Syrian forces shelled rebel areas anew on Wednesday, six days into a UN-backed ceasefire, sparking new pressure for unfettered nationwide access for an observer mission intended to oversee it.
UN chief Ban Ki-moon, who was due to report to the Security Council later on Wednesday on the progress of talks between an observer advance team and Syrian officials, urged Damascus to give the mission free access across the country.
But a pro-government newspaper reported that a protocol governing the mission’s operations might still be days away.
The seven-member advance team arrived in Damascus on Sunday to prepare for the observer mission agreed with international envoy Kofi Annan as part of his blueprint for ending 13 months of bloodshed.
But its efforts to reach agreement with the authorities on unrestricted access to protest centres for the full mission have so far failed to bear fruit, diplomats at the United Nations said.
Syrian’s pro-government Al-Watan newspaper said the advance team had held talks with foreign ministry officials on Tuesday and that the protocol should be finalised in the coming days.
Members of the advance team also visited the southern province of Daraa, cradle of the uprising against Bashar al-Assad’s regime, and met its governor, the newspaper said.
The observers were seen heading out of their hotel in Damascus on board two vehicles early Wednesday but it was unclear where they were headed.
“We do not make comments about our mission,” said team leader Colonel Ahmed Himmiche.
“There are seven of us and our numbers will increase today or tomorrow until we reach 30,” he said.
Annan wants the mission’s numbers to swell to more than 250, but the UN Security Council resolution adopted last Saturday approves only the initial 30.
Security Council diplomats have said reinforcement would depend on compliance with the ceasefire that went into force last Thursday.
Washington warned that Annan’s hopes of a larger mission were being jeopardised by the persistent violence, which saw at least 20 people killed on Tuesday, 17 of then civilians, according to monitors.

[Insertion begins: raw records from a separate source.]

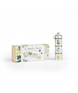 Pequeños exploradores, grandes hallazgos: este set de tres “cápsulas de tesoros” de la colección Moulin Roty es el compañero perfecto para recoger, guardar y descubrir los pequeños hallazgos de un paseo al aire libre. Las cápsulas cuentan con tres compartimentos internos, un diseño compacto y un práctico mosquetón para enganchar al cinturón o a la mochila.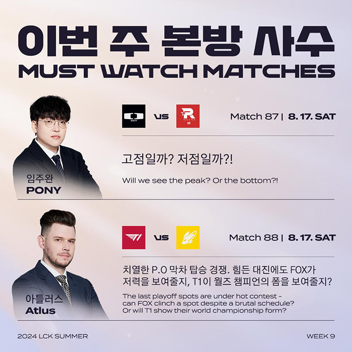 '포니' 임주완 해설 위원은 17일(토) 디플러스 기아와 KT 경기를 추천했다. 연승 행진 중이던 젠지를 꺾고 플레이오프 자력 진출의 희망을 다잡은 KT 롤스터가 고점의 경기력으로 3위인 디플러스 기아를 이길 수 있을 지 지켜봐야한다는 것이다.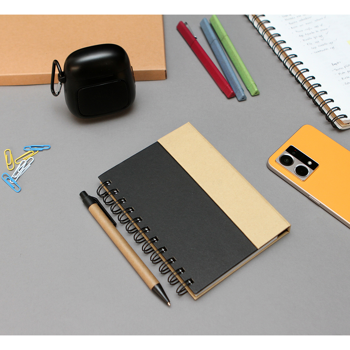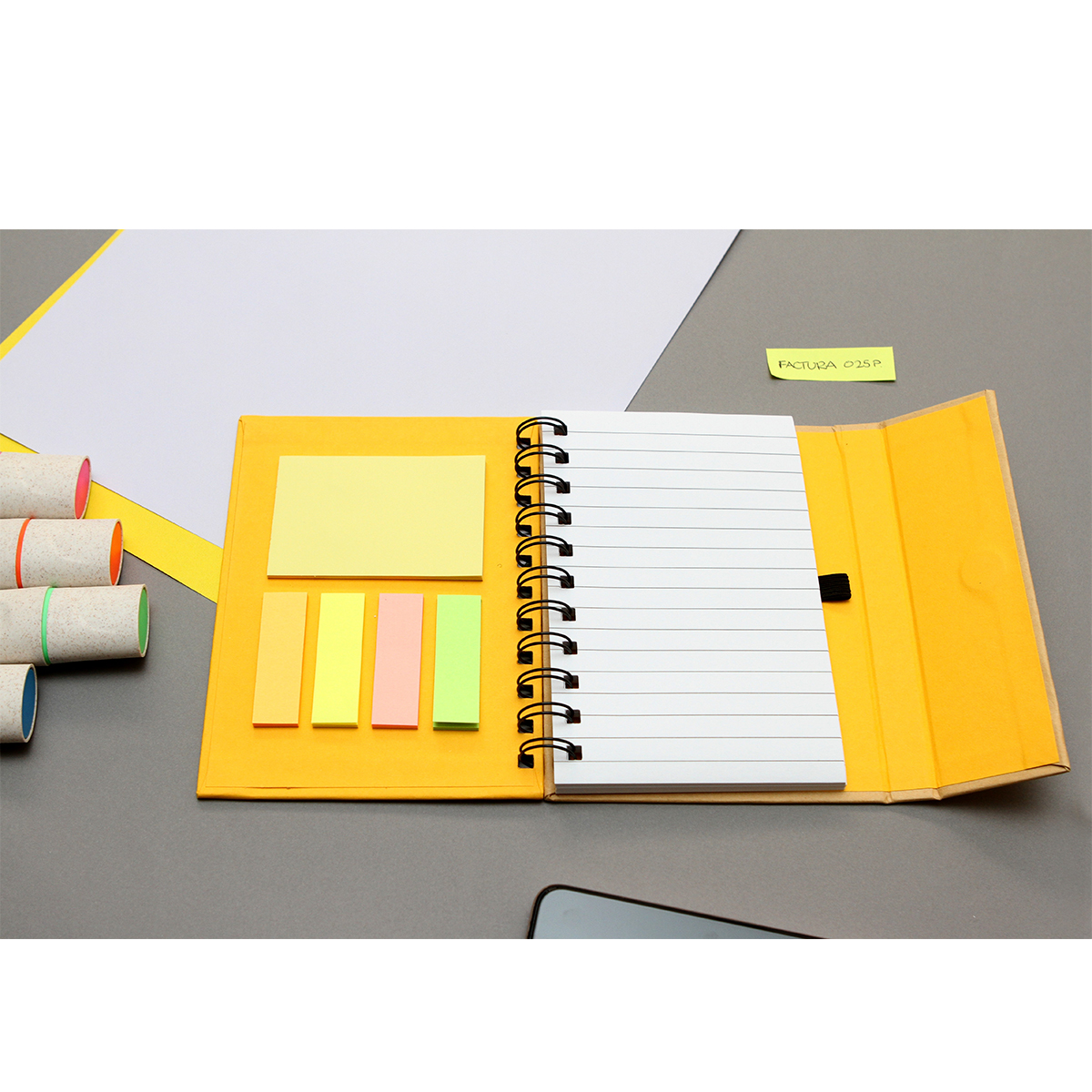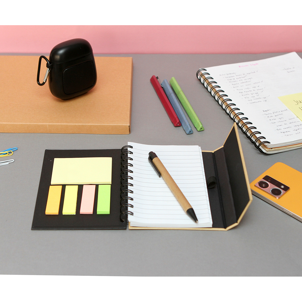 Libreta ecológica Génova. - Libreta ecológica bi-tono con 60 hojas de raya, bolígrafo tinta negra, 25 notas adhesivas y banderitas de colores (100 en 4 colores). Con un tamaño compacto A6, la libreta Génova es fácil de transportar.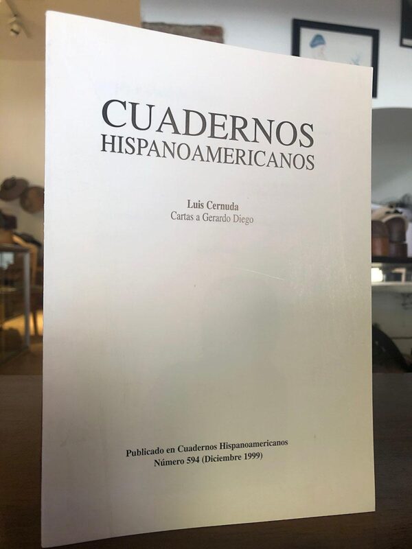 Publicado: s.l., Cuadernos Hispanoamericanos, S.F. Autor: CERNUDA, Luis. Título: Cartas a Gerardo Diego. Cuadernos Hispanoamericanos. Encuadernación: Encuadernación de tapa blanda Estado: Muy bien Información adicional: 4to. 10 pp. Rústica. Nuevo.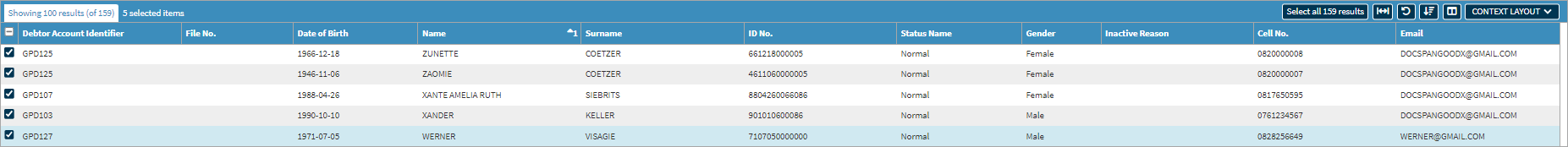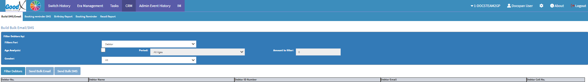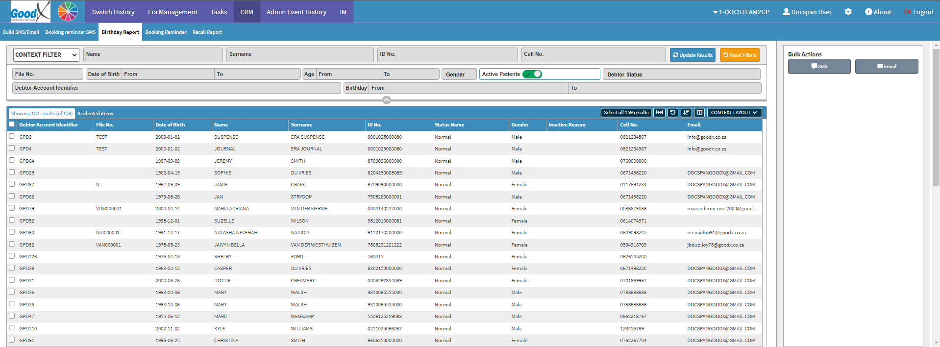 Please Note: From the Birthday Report screen, the user is able to send Bulk SMS Messages or Emails by selecting more than one Patient/Debtor.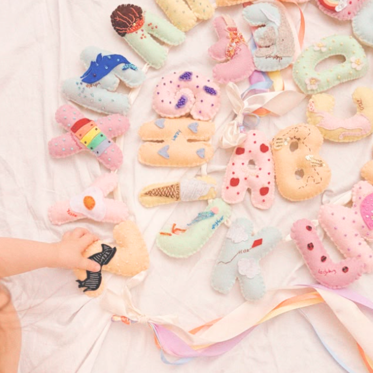 A statement and learning piece designed to be enjoyed for years. Available plain in pastel felt, or embellished, where each letter features its own playful motif (A for apples, B for bees, etc.). Handmade with care to add charm and personality to any space.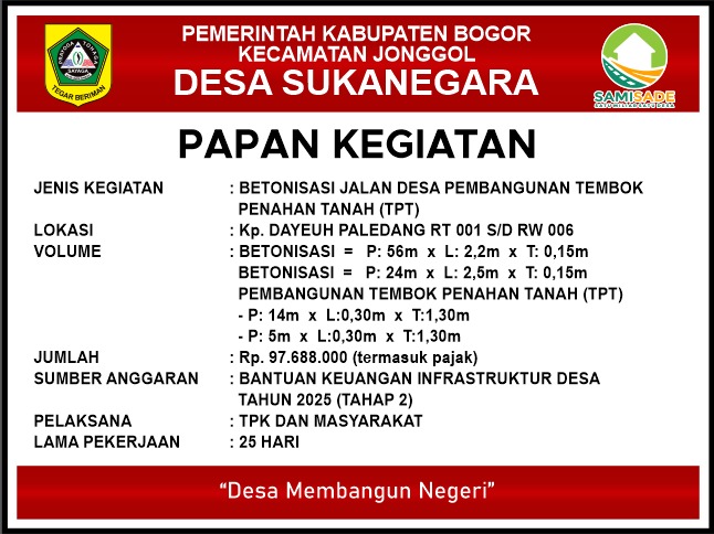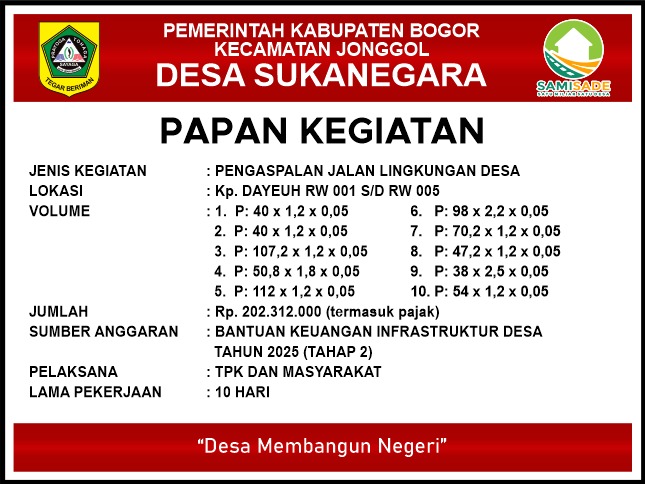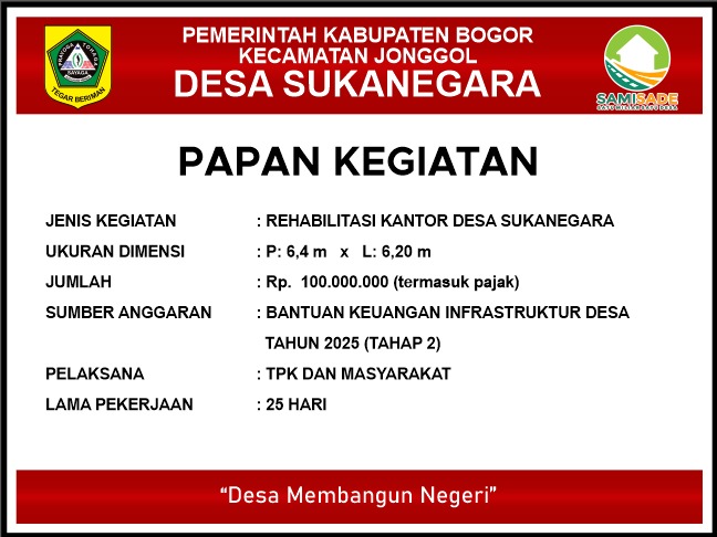 Pemerintah Desa Sukanegara, Kecamatan Jonggol, Kabupaten Bogor, terus menunjukkan komitmennya dalam meningkatkan pelayanan publik dan kualitas infrastruktur desa melalui pemanfaatan Bantuan Keuangan Infrastruktur Desa Tahun Anggaran 2025 Tahap II.

On Wednesday, regime forces launched a fresh bombardment of rebel neighbourhoods of the flashpoint central city of Homs, the Syrian Observatory for Human Rights said.

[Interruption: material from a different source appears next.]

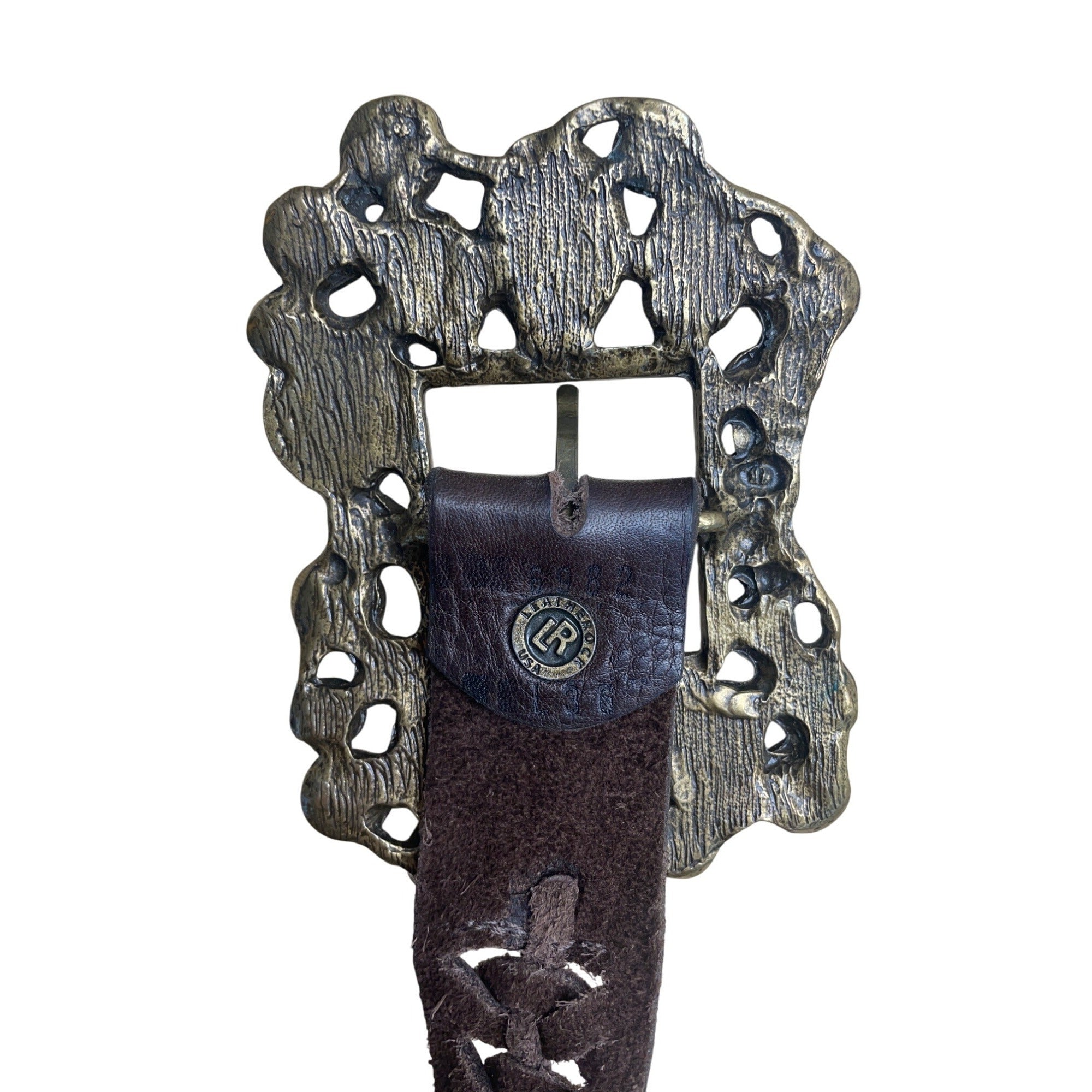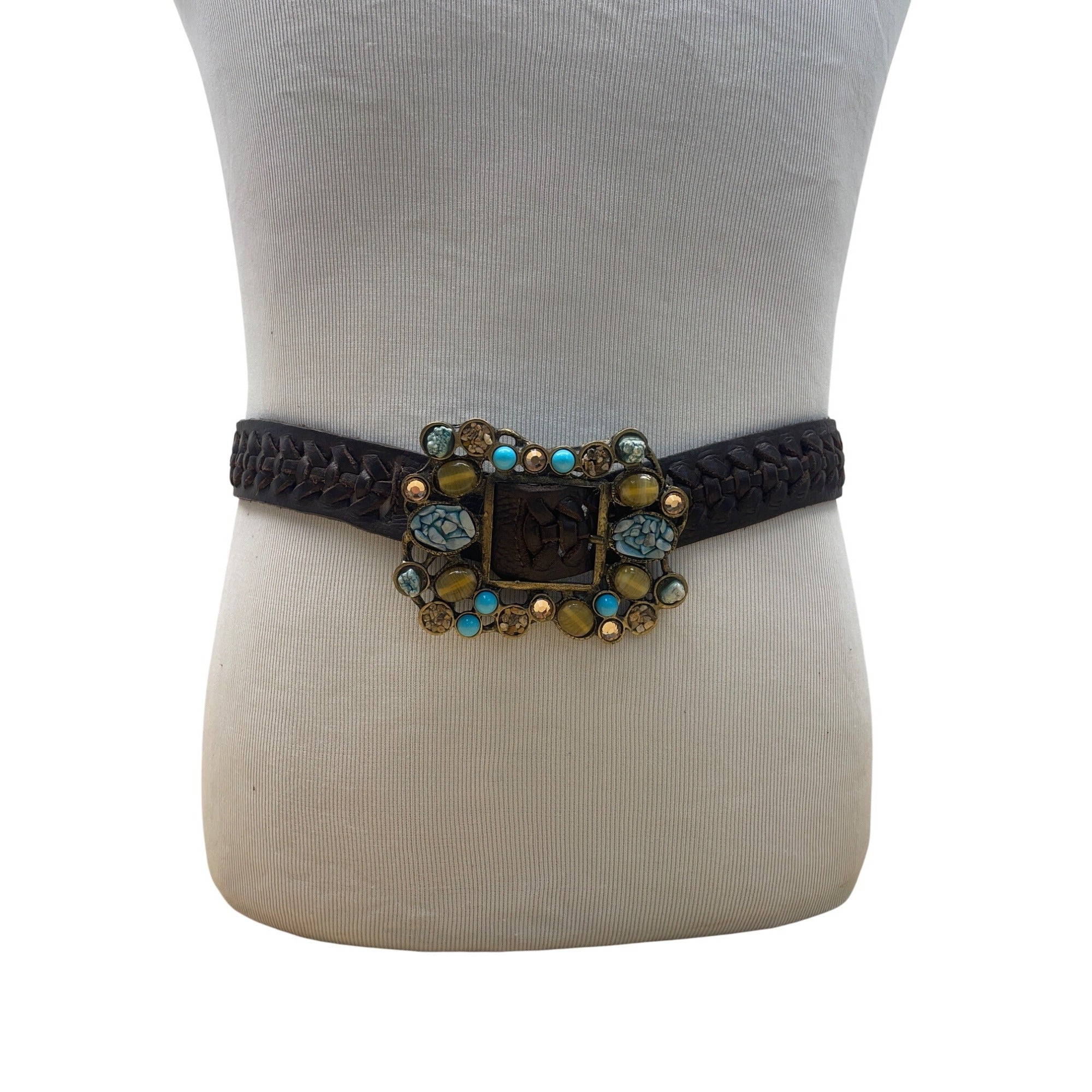 Handcrafted Brown Braided Leather Belt With Gemstone Embellished Buckle

A civilian was killed as troops carried out search operations in Idlib, a province in the northwest close to the border with Turkey where fighters of the rebel Free Syrian Army have been active, the London-based watchdog added.

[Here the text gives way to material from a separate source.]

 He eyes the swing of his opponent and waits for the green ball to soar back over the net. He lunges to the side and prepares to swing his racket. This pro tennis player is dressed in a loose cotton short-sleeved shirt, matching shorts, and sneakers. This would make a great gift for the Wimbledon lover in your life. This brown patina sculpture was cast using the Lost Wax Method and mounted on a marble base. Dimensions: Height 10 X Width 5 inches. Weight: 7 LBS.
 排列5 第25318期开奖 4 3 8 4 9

“The violence is escalating. It will be very difficult for the council to send unarmed observers into a hot war,” US ambassador Susan Rice told CNN television in a new sign of Western doubts about Assad’s intentions.
She said Annan’s peace plan was “in jeopardy” because Assad’s government was not keeping to its side of the bargain.
Rice would not comment on the observers’ talks with the Syrian government, but another senior UN diplomat said that if Damascus did not complete the protocol by the end of the week then the Security Council could not allow the full mission of 200-250 observers envisaged by Annan.
Following recommendations by the former UN chief, the Security Council resolution which sent the advance party said there had to be “full, unimpeded, and immediate freedom of movement and access” for monitors.
“I think there is a risk that the Syrians will not agree to all of that and we will have to decide what to do,” said the diplomat.
“There is a holdup and it looks like the Syrians are doing it deliberately,” a second diplomat told AFP.